Distance travelled by R while it meets Q = d – 9

Here the ratio of speeds of P & Q => SP : SQ = d + 11 : d – 11

The ratio of speeds of Q & R => SQ : SR = d + 9 : d – 9

But given Ratio of speeds of P & R => P : R = 3 : 2

=> $\frac{\left(d+11\right)\left(d+9\right)}{\left(d-11\right)\left(d-9\right)}$ = 3/2

=>  d = 1, 99

=> d = 99 satisfies.

Therefore, Distance between A and B = 99

7 454
Q:

In what time a 360 m. long train moving at the speed of 44 km/hr will cross a 140 m. long bridge ?

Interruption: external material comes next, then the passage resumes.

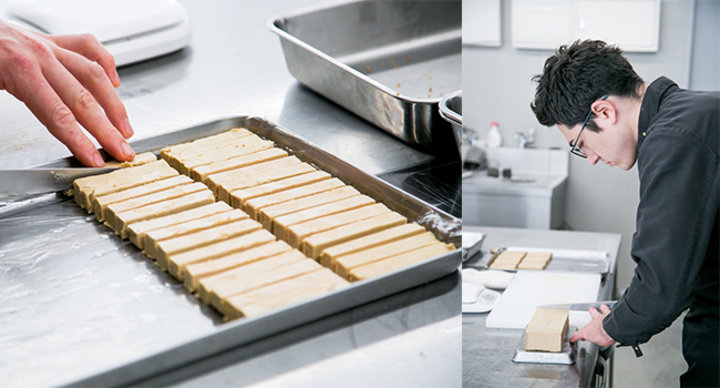 「フォアグラアイススティックの中身は、ほぼフォアグラです(笑)。ムースというとメレンゲや生クリームを加えたものを想像する方が多いですが、フォアグラアイススティックに関して言えば、空気を含ませているという点でふわっと柔らかいのでムースという言葉をあえて使っています。 味付けとしては、お酒を3種類使っていて、酒精強化ワイン*のマデイラやポートを使うことで砂糖の単純な甘さではなく、上品な甘さに仕上げています」。 このフォアグラに、キャラメリゼしたヌガーを細かく砕いたものをまぶして冷凍させ紙で包んで完成します。1本1本、丁寧に手作りされている「フォアグラアイススティック」は手土産にもぴったり。 *酒精強化ワイン…醸造過程でアルコールを加えることで、アルコール度数を高めたワイン。スペインのシェリー、ポルトガルのマデイラやポートワインが代表的。

 A) 36 sec B) 39 sec C) 41 sec D) 43 sec

Explanation:

Speed = 44 kmph x 5/18 = 110/9 m/s

We know that, Time = distance/speed

Time = (360 + 140) / (110/9)

= 500 x 9/110 = 41 sec.

6 541
Q:

Karthik could cover a distance of 200 km in 22 days while resting for 2 hrs. per day. In how many days (approx) he will cover a distance of 250 km while resting for 2 hrs. per day and moving with 2/3rd of the previous speed ?

 A) 41.25 days B) 37.5 days C) 39.75 days D) 40 days

Explanation:

Given Karthik can cover the distance of 200 kms resting 2 hrs per day in 22 days.

Let the initial speed be '1'

Hence, Time = 22(24hrs - 2)

Noe new speed = 2/3

Let the number of days he take be 'D'

Therefore, $\frac{\mathbf{22}\left(\mathbf{24}\mathbf{-}\mathbf{2}\right)\mathbf{x}\mathbf{3}}{\mathbf{200}}\mathbf{=}\frac{\mathbf{D}\left(\mathbf{24}\mathbf{-}\mathbf{2}\right)\mathbf{x}\mathbf{2}}{\mathbf{250}}$

D = 11 x 3 x 5/4 = 41.25 days. = 41 1/4 days.